■ Work request
Only the lines from the one with "Мужской трикотажный спортивный" through the final line below belong in the answer, copied exactly and without pictures.

■ Supplied material

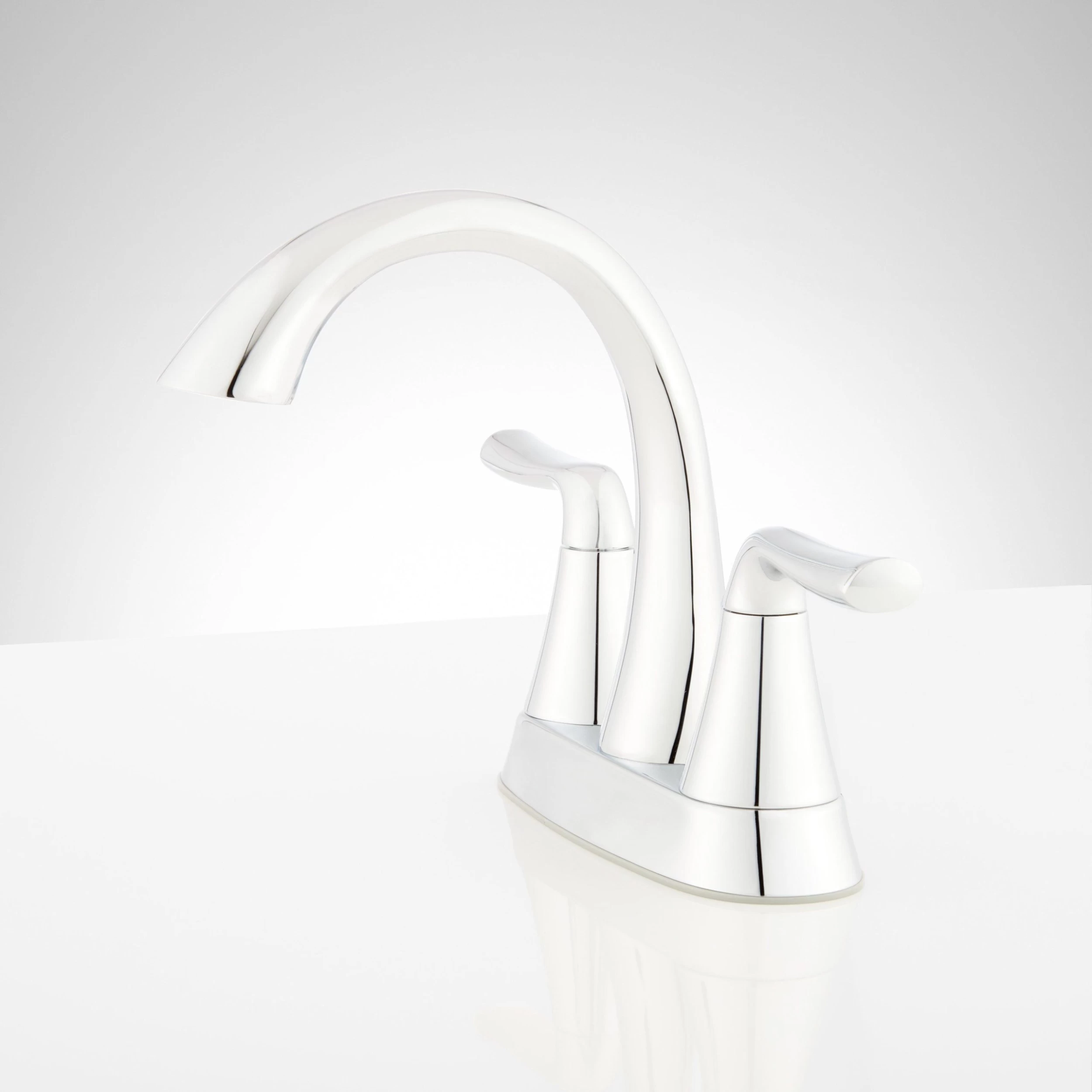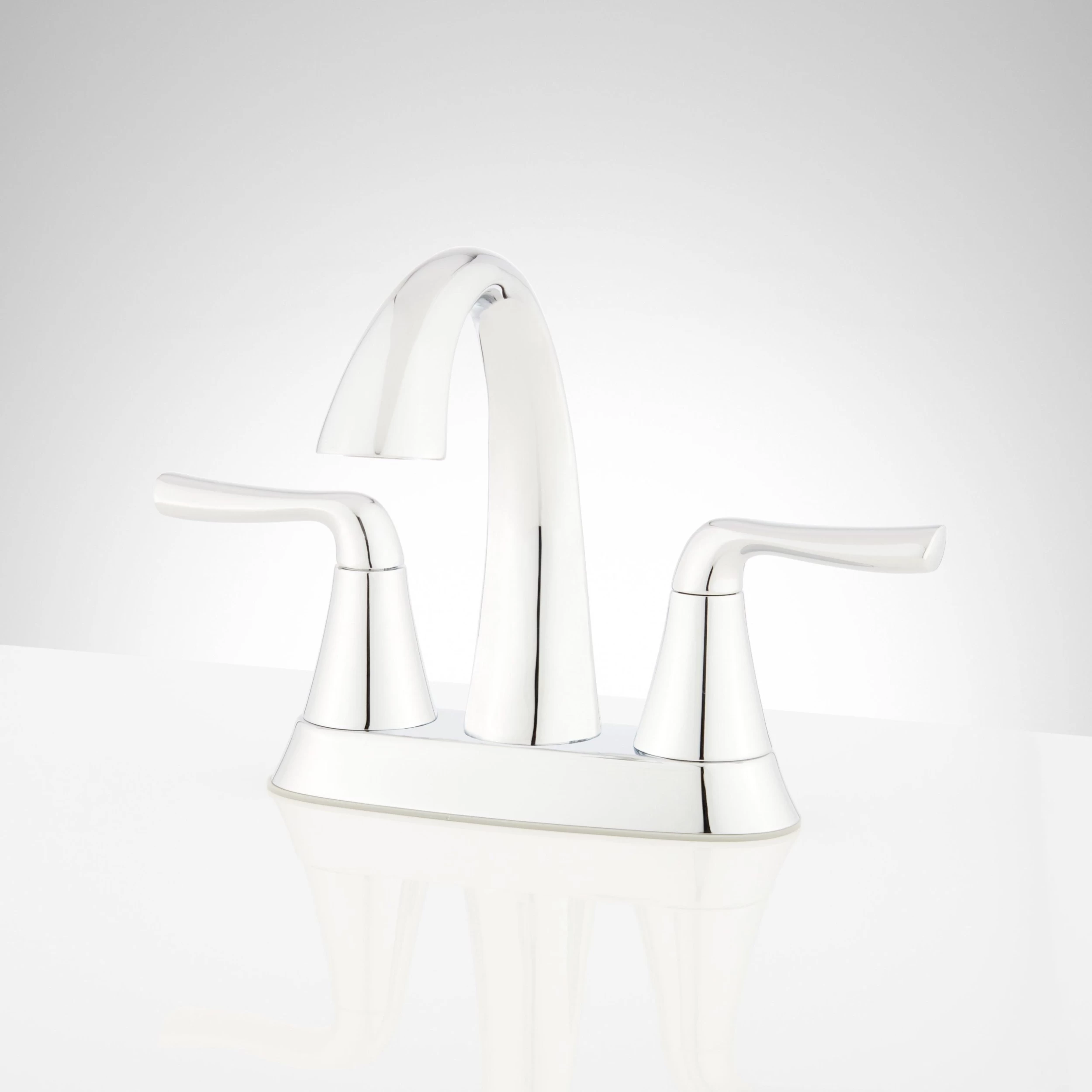 Update your bathroom with this classically elegant Provincetown Centerset Bathroom Faucet. The gently curved design of its lever handles carries over to the arching spout to form a graceful silhouette. This faucet is crafted from durable brass for lasting performance, with a tarnish-resistant finish that will never fade. Included is a matching pop-up drain for your sink.
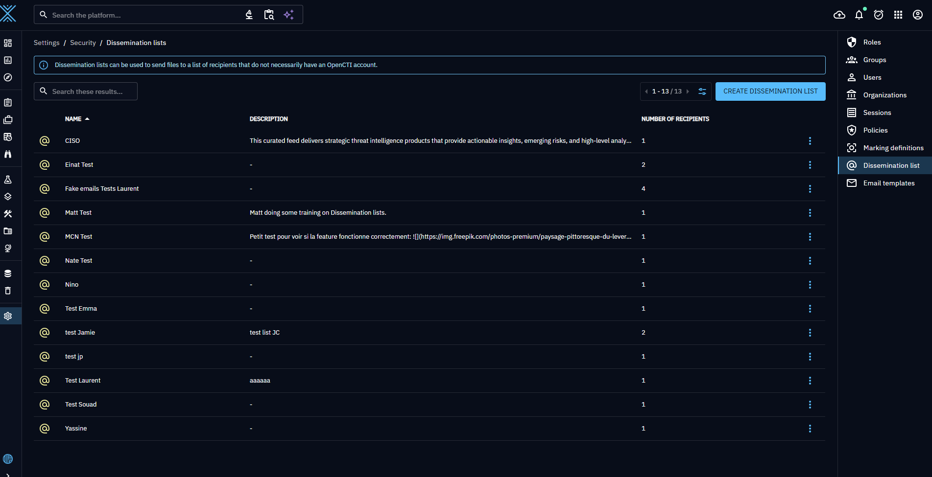 Dissemination list in OpenCTI aims to help you create mailing lists that are used to send (disseminate) finished intelligence.
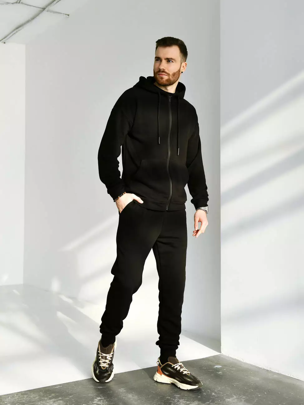 Мужской трикотажный спортивный костюм на молнии, выполнен из
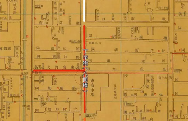 1914年京都市政公所成立后,首先选定王府井大街作为示范区域进行道路改造,工程包括拓宽道路、房屋基准线测量整修和修筑沥青道路等。1915年,北洋政府内政部绘制《北京详图》时,重新厘定地名,把王府井大街分成三段:北街称王府大街,中段称八面槽,南段由于有一眼甜水井,称为王府井大街。

■ Response area
 Мужской трикотажный спортивный костюм на молнии, выполнен из
 1914年京都市政公所成立后,首先选定王府井大街作为示范区域进行道路改造,工程包括拓宽道路、房屋基准线测量整修和修筑沥青道路等。1915年,北洋政府内政部绘制《北京详图》时,重新厘定地名,把王府井大街分成三段:北街称王府大街,中段称八面槽,南段由于有一眼甜水井,称为王府井大街。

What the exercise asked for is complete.